--- Information provided ---

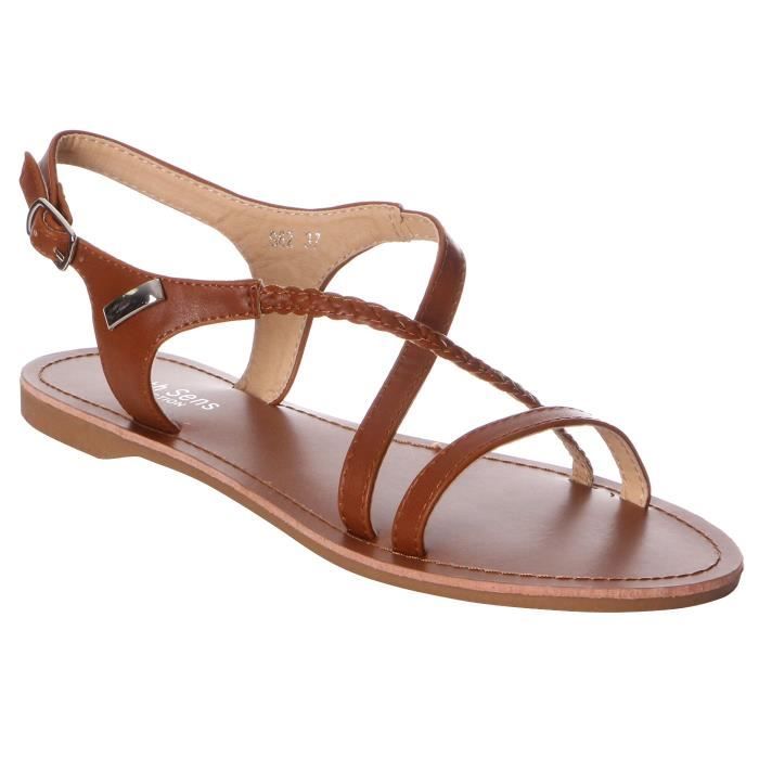 Sandales Plates Camel En Simili Cuir 36 Marron Achat Vente Sandale Nu Pieds Soldes Sur Cdiscount Des Le Janvier Cdiscount
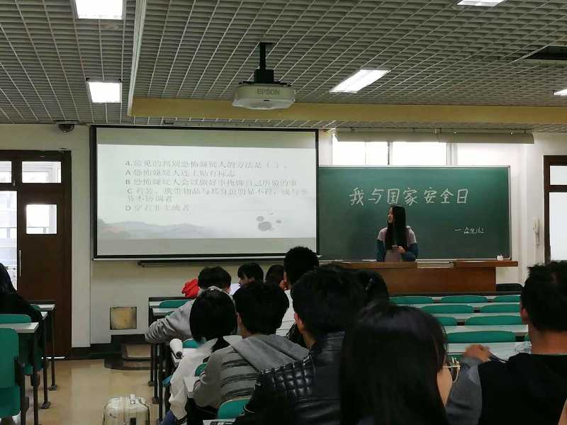 4月19日,學生工作部以致知學堂為平臺邀請國家安全局專家舉辦了國家安全知識專題講座,并組織國家安全知識網絡競賽,答題人數達1563人。同時以班級、團支部為單位,組織了主題團日和班會活動。由班主任組織學生學習我國國家安全形勢和任務,學習并掌握反恐基本常識。
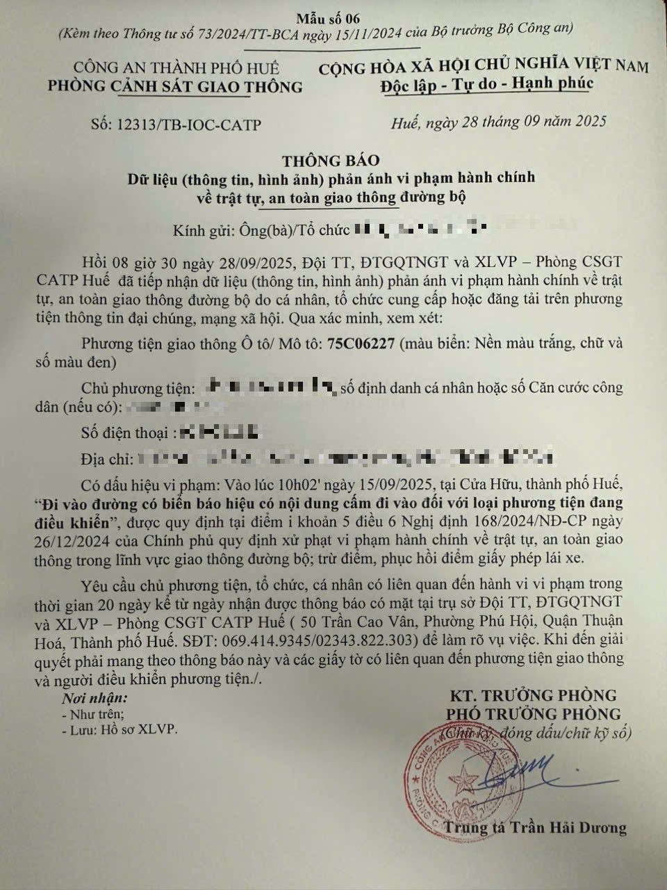 Qua hình ảnh phản ánh, Phòng Cảnh sát giao thông xác định lỗi vi phạm của người điều khiển phương tiện 75C06227 như sau: Đi vào đường có biển báo hiệu có nội dung cấm đi vào đối với loại phương tiện đang điều khiển, được quy định tại Điểm i khoản 5 Điều 6 Nghị định số 168/2024/NĐ-CP ngày 26/12/2024 của Chính phủ.
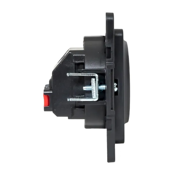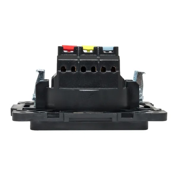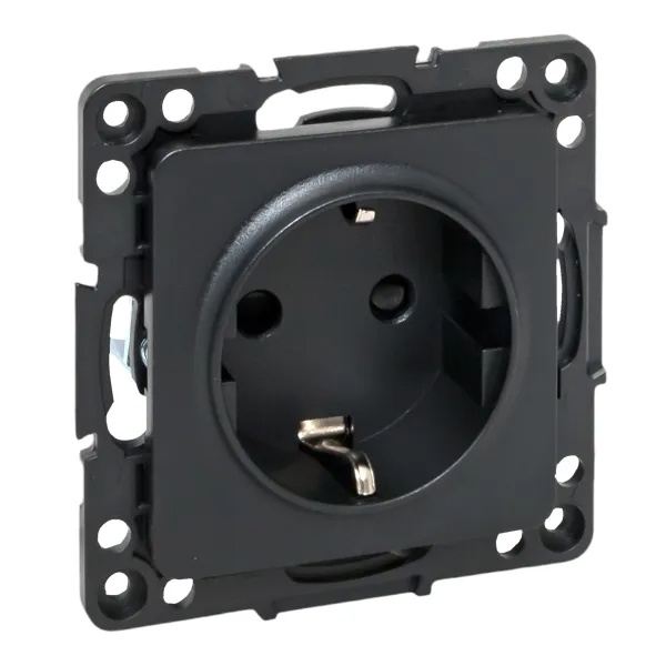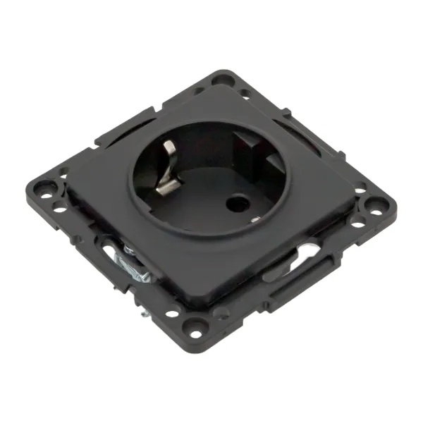 Механизм электрической розетки немецкого стандарта с защитой контактов и пружинным подключением для скрытой установки в сухих помещениях с накладкой черного цвета, ЕКФ серии Стокгольм.

---

What you will do - Please write out only the material above, exactly, from its first line through the line that contains "4月19日,學生工作部以致知", and include no pictures.

Written solution -
 Sandales Plates Camel En Simili Cuir 36 Marron Achat Vente Sandale Nu Pieds Soldes Sur Cdiscount Des Le Janvier Cdiscount
 4月19日,學生工作部以致知學堂為平臺邀請國家安全局專家舉辦了國家安全知識專題講座,并組織國家安全知識網絡競賽,答題人數達1563人。同時以班級、團支部為單位,組織了主題團日和班會活動。由班主任組織學生學習我國國家安全形勢和任務,學習并掌握反恐基本常識。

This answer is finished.